# New Special Blend and Foursquare Line Ups



## Guest (Jul 27, 2009)

SB and FSQ just launched their 09/10 gear. What do you guys think? Last year I liked Special Blend's stuff better, but this year I'm really digging the Foursquare stuff.

FOURSQUARE OUTERWEAR
Special Blend Outerwear and Softgoods | First Chair Last Call


----------



## m_jel (Apr 21, 2009)

yep, i'm feelin the 4square lineup this year.


----------



## FLuiD (Jul 6, 2009)

Why does the "Big B" have to own everybody? lol... I am going to try and not buy any more outerwear this year. Damn you end of season sales!!!!!

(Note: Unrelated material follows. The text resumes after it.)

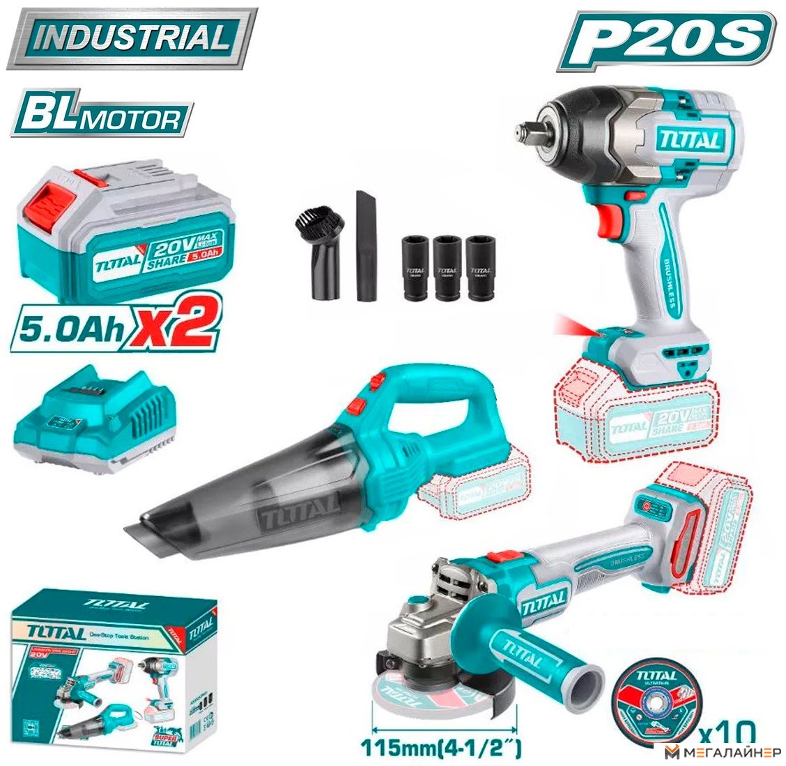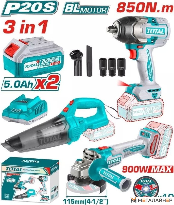 | Комплектация | - Гайковерт TOTAL TIWLI20851 - 1 шт. - Угловая шлифмашина TOTAL TAGLI21154 - 1 шт. - Пылесос TOTAL TVLI201261 - 1 шт. - Аккумулятор TFBLI20531 5,0 Ач - 2 шт. - Зарядное устройство TFCLI2001 - 1 шт. - Торцевые головки (22, 24, 27 мм) - 3 шт. - Отрезные диски по металлу - 10 шт. - Щелевая насадка - 1 шт. - Щетка для пыли с мягкой щетиной - 1 шт. - Коробка. |
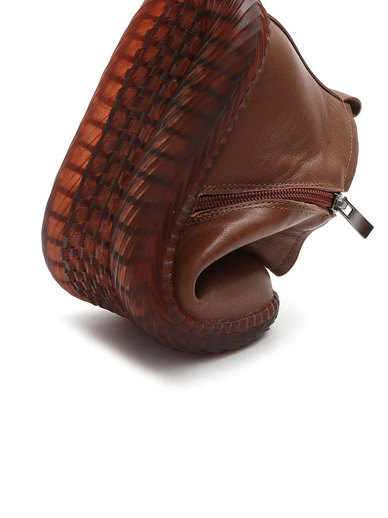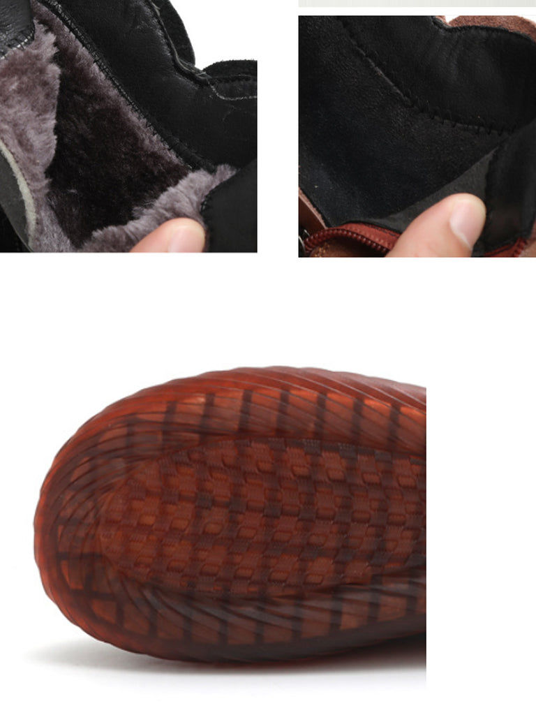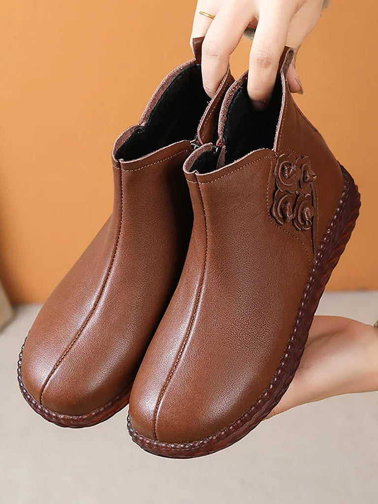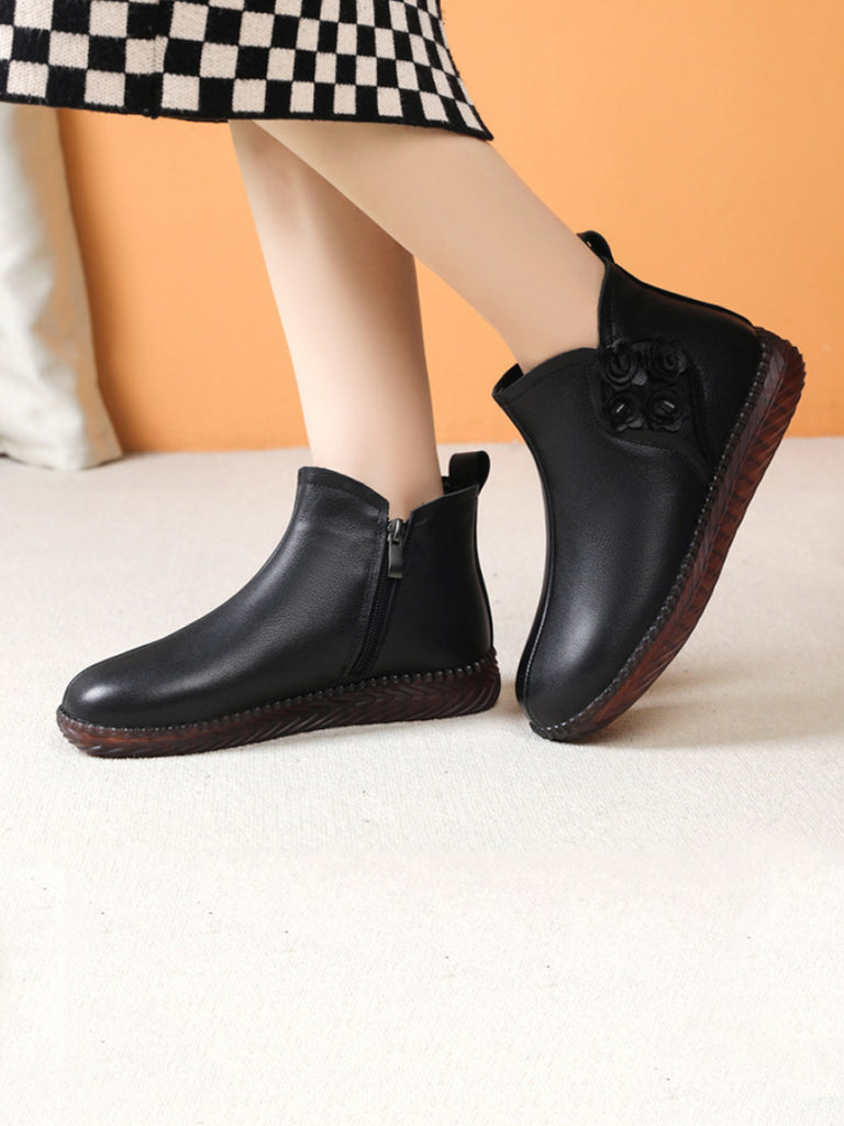 Stivali invernali da donna in pelle vintage con fodera in pile e fiori

Agreed though the FSQ stuff does look nice! I like my FSQ and SB stuff I rode last year for a bit.


----------



## Guest (Jul 27, 2009)

FLuiD said:


> Why does the "Big B" have to own everybody? lol... I am going to try and not buy any more outerwear this year. Damn you end of season sales!!!!!
> 
> Agreed though the FSQ stuff does look nice! I like my FSQ and SB stuff I rode last year for a bit.


I know the feeling! Dogfunk has all their SB jackets for $60 bucks right now. I have to fight giving into it because I definitely don't need anymore outerwear haha.


----------